# Any advice for a novice?



## Felongo (Jan 6, 2012)

So, Recently I posted an original song, as well as some remakes and stuff in my FA, and wanted to know what you guys think about them. And if you have any advisement about mixing, composing and stuff like that for future projects. 

http://www.furaffinity.net/view/7160337 (original)
http://www.furaffinity.net/view/7102987 (remake)
http://www.furaffinity.net/view/7167419 (remake)

Any kind of tip is welcome
Thanks for listening :3


----------



## Askari_Nari (Jan 7, 2012)

I liked the first one, but I noticed that when each part played something, it tended to just play that part through the whole song, occasionally fading in and out (except the drums). You should start working on having different sections in your songs that are distinctly different, but not so much that it seems weird. Take Queen's Bohemian Rhapsody for example. It starts with a calm ballad, which builds to a guitar solo before transitioning into a faster, more energetic choral type piece before becoming more hard rock. Then the song ends by returning back to the contemplative theme of the beginning of the song. I know this is kind of harder when it comes to instrumentals, but even the composers of the baroque period did this, and they wrote their music hundreds of years ago, so it is possible, even more so considering the technology that exists and the availability of it. Even something as simple as a key change can work wonders for adding variety to a song.


----------



## Felongo (Jan 7, 2012)

Askari_Nari said:


> I liked the first one, but I noticed that when each part played something, it tended to just play that part through the whole song, occasionally fading in and out (except the drums). You should start working on having different sections in your songs that are distinctly different, but not so much that it seems weird. Take Queen's Bohemian Rhapsody for example. It starts with a calm ballad, which builds to a guitar solo before transitioning into a faster, more energetic choral type piece before becoming more hard rock. Then the song ends by returning back to the contemplative theme of the beginning of the song. I know this is kind of harder when it comes to instrumentals, but even the composers of the baroque period did this, and they wrote their music hundreds of years ago, so it is possible, even more so considering the technology that exists and the availability of it. Even something as simple as a key change can work wonders for adding variety to a song.
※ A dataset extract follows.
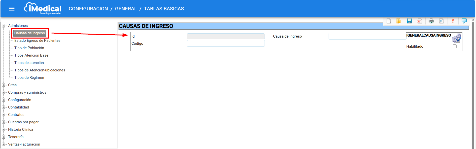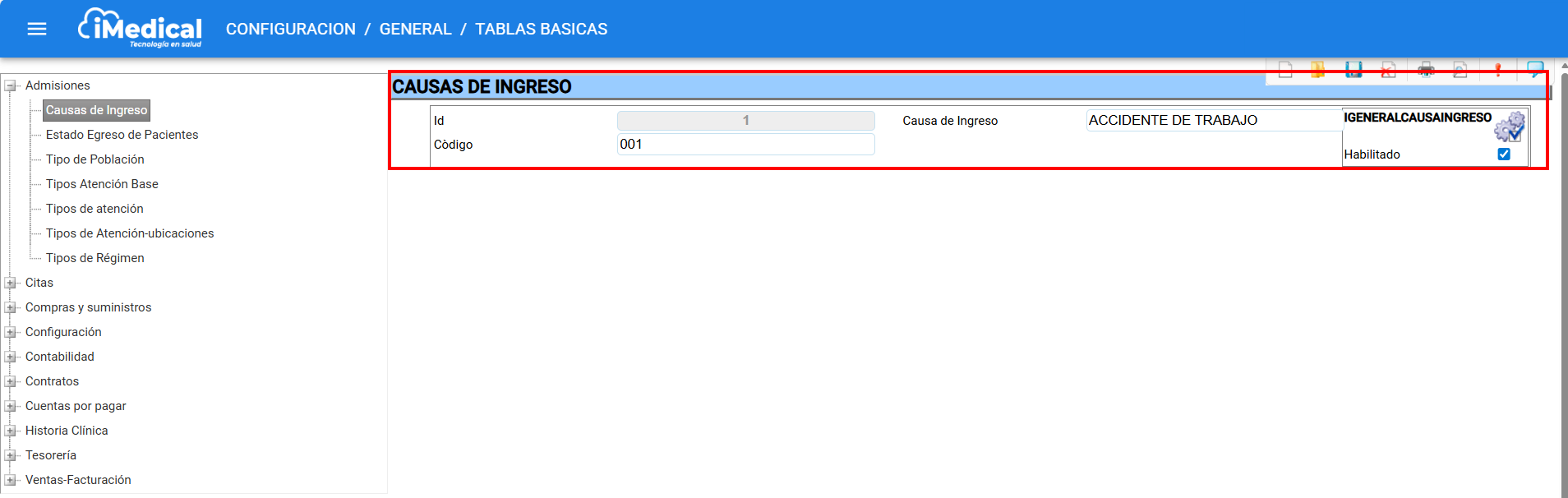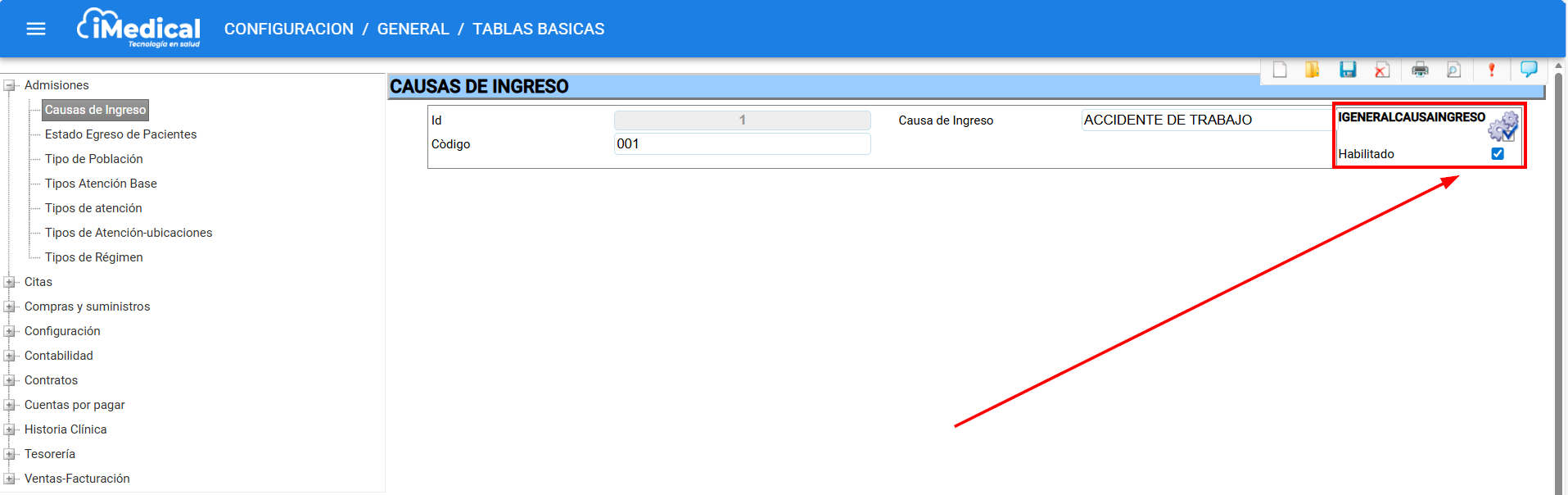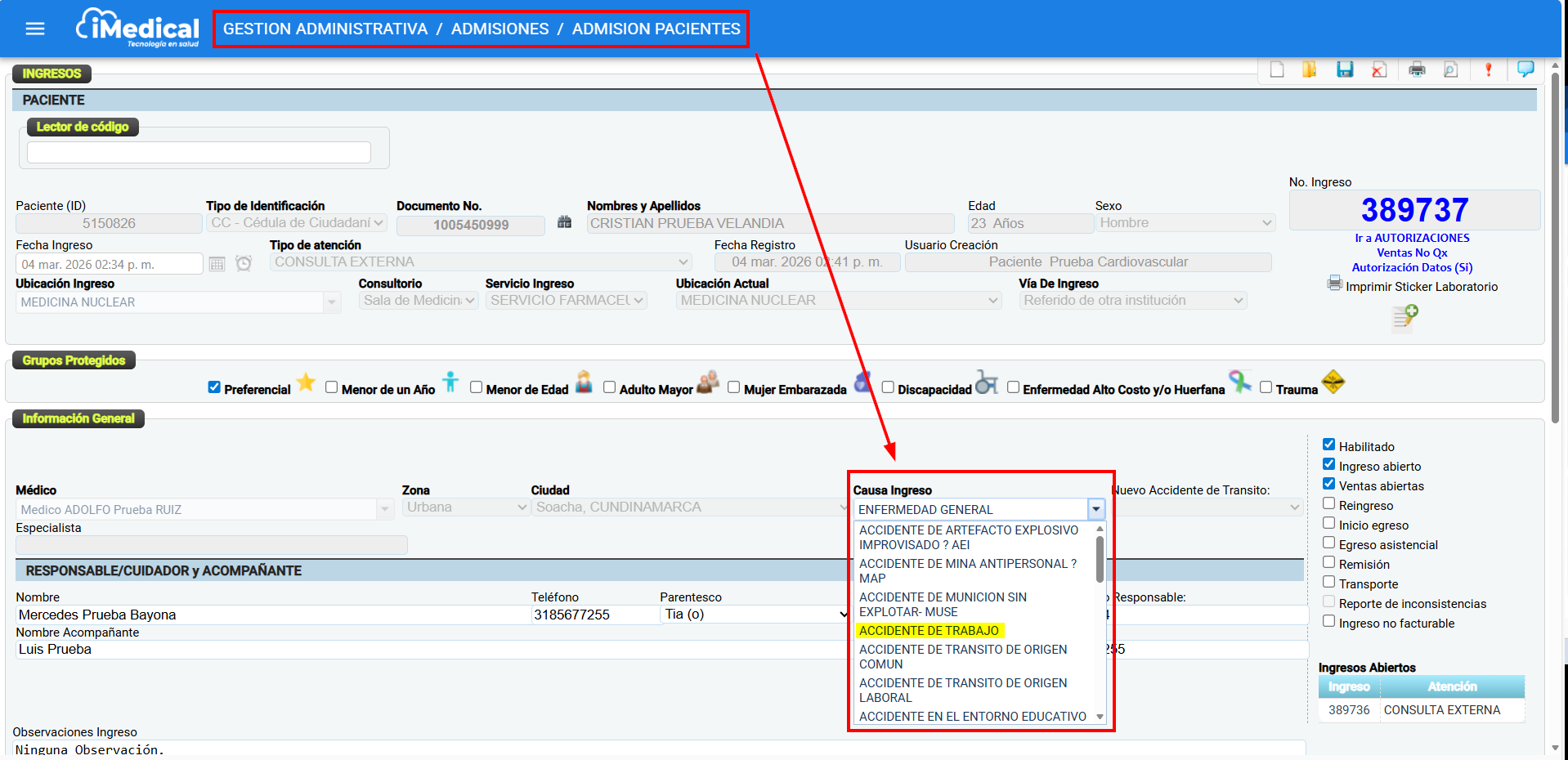 Al estar activo, esta opción se puede visualizar dentro de la pantalla de Admisión de pacientes (Modulo), en el campo Causa Ingreso (Funcionalidad).

Yeah I repeated the licks a lot that's true, but is a trance kinda song and is based in repetition. However I didn't want it to sound like over-exploting the lick, but it seems I failed this time xD, next time will have more changes. Thanks for your apretiation!

Well actually, the song has 2 parts, a "verse" and a "chorous" but they are almost the same except for some high notes, so in general it sounds like just 1 part over and over...

At last, yeah Bohemian Rhapsody is a true example of variation whitout losing the focus, I know that song and respect Queen.
Thanks again for your comment, I'll apply these tips next time


----------